The present technology is directed to systems and methods for managing and restoring custodian-based data. For example, the custodian-based data can be restored from a raw-data format (e.g., binary format, American Standard Code for Information Interchange (ASCII) format, etc.) to a particular format accessible by an application (e.g., an email reader, a web browser, an image viewer, a document editor, etc.). More particularly, the present technology enables a user and/or an operator to restore the custodian-based data based on a query index. The query index is indicative of multiple custodian actions associated with the custodian-based data.
By this arrangement, the user and/or the operator can effectively produce or restore the custodian-based data associated with one or more particular custodian actions among the multiple custodian actions. For example, the user and/or the operator can produce or restore emails that were marked as “unread” during a specific time period among a group of recipients (in this example, the recipients are the “custodians” of the emails). Accordingly, the present technology enables effective data production or restoration to fit particular needs (e.g., a court order to produce documents relating to a specific type of action).
In some embodiments, the custodian-based data can include emails, messages, account information, transaction histories, etc. Traditional approaches of managing custodian-based data include storing such data in a file with corresponding metadata. For example, an email can be saved in EML format (also known as “RFC-822” file format), and can be accessed via Microsoft Outlook or Apple Mail. In some embodiments, emails in EML format can include attachments encoded therein in text format.
The metadata of an email in EML format indicates the subject, sender, recipients and date of the email. Such metadata does not provide sufficient information regarding how the email has been accessed, processed, or handled by its custodian (i.e., “custodian actions”) after the custodian receives the email. For example, after the custodian accesses an email, the custodian may try to archive, delete, and/or mark as “unread” that email. In other examples, the custodian may try to assign a flag identifier (e.g., “confidential,” “urgent,” “to be deleted,” “important,” “to be ignored,” etc.) to the email. Traditional metadata of an email (such as in EML format) does not provide information regarding the foregoing custodian actions.
To address this need, the present disclosure provides systems and method for managing and restoring custodian-based data. The present disclosure also enables an operator to analyze, store, and/or search the data effectively and efficiently. Generally speaking, for each custodian action performed (or some actions of interests, depending on user preference), the present method can identify the custodian action, generate immutable identifiers (or unchanging identifiers, etc.), and associate them with the custodian-based data. The immutable identifiers can be generated and stored in a practically “real-time” manner. For example, in some embodiment, the immutable identifiers can be generated once per 6, 12, or 24 hours. The generated immutable identifiers record all the identified custodian actions during this time period. The sooner the immutable identifiers are generated after the custodian actions were performed, the less likelihood that the custodian-based data is altered, tampered with, or compromised.
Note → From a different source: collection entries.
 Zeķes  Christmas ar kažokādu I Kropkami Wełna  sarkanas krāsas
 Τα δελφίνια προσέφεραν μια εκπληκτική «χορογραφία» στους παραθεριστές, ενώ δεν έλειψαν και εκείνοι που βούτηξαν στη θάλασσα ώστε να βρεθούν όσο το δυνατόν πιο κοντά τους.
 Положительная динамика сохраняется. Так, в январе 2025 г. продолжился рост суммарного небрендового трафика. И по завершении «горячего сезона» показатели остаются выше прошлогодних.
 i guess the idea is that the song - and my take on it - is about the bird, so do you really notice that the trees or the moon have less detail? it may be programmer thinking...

The present method can then store the custodian-based data with the generated immutable identifiers. By this arrangement, the present method effectively preserves and stores the custodian-based data such that it can be searched, queried, and/or analyzed at a later time (e.g., evidence for litigation). The immutable identifiers can later be used to search, restore, and/or “hydrate” the custodian-based data. Examples of restoring the custodian-based data includes restoring the data back to its original format (e.g., an EML file) or other suitable formats from a raw data form. Examples of “hydrating” the custodian-based data includes adding information (e.g., identifiers, metadata, links, etc.) to the data that is not included in its original format.
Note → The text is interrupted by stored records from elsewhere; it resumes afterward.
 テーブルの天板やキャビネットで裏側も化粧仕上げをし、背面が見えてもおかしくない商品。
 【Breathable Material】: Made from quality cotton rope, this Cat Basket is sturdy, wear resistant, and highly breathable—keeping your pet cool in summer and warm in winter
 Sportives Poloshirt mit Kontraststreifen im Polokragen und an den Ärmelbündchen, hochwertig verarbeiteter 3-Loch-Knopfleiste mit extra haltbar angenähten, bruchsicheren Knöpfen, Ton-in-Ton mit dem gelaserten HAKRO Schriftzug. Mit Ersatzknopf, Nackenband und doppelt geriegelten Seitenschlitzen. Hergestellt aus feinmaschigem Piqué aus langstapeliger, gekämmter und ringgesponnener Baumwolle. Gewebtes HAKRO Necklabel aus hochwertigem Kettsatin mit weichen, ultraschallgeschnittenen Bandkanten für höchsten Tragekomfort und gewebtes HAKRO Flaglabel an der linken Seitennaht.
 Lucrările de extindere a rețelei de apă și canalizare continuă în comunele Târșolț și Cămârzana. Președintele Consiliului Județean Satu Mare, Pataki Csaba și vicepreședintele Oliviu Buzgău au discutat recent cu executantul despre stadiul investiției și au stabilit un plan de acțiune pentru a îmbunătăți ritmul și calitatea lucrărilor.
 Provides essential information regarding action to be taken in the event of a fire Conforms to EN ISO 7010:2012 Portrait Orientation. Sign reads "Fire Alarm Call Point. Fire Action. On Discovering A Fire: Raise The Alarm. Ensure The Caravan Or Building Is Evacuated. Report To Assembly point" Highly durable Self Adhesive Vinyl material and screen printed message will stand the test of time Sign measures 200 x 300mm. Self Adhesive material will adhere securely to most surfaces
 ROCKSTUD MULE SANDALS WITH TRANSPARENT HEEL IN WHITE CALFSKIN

One aspect of the present technology includes enabling an operator to retrieve and store custodian-based data by recording custodian actions that have been performed on the custodian-based data. In some embodiments, the present method includes, for example, (i) retrieving custodian-based data associated with multiple custodians; (ii) analyzing metadata items (which include one or more custodian actions) associated with the custodian-based data, (iii) generating immutable identifiers for the custodian-based data associated with the custodian actions; (iv) generating immutable identifiers for the custodian-based data associated with the custodian actions; and (v) storing the custodian-based data in a raw data form (e.g., in binary form, in ASCII form, etc.).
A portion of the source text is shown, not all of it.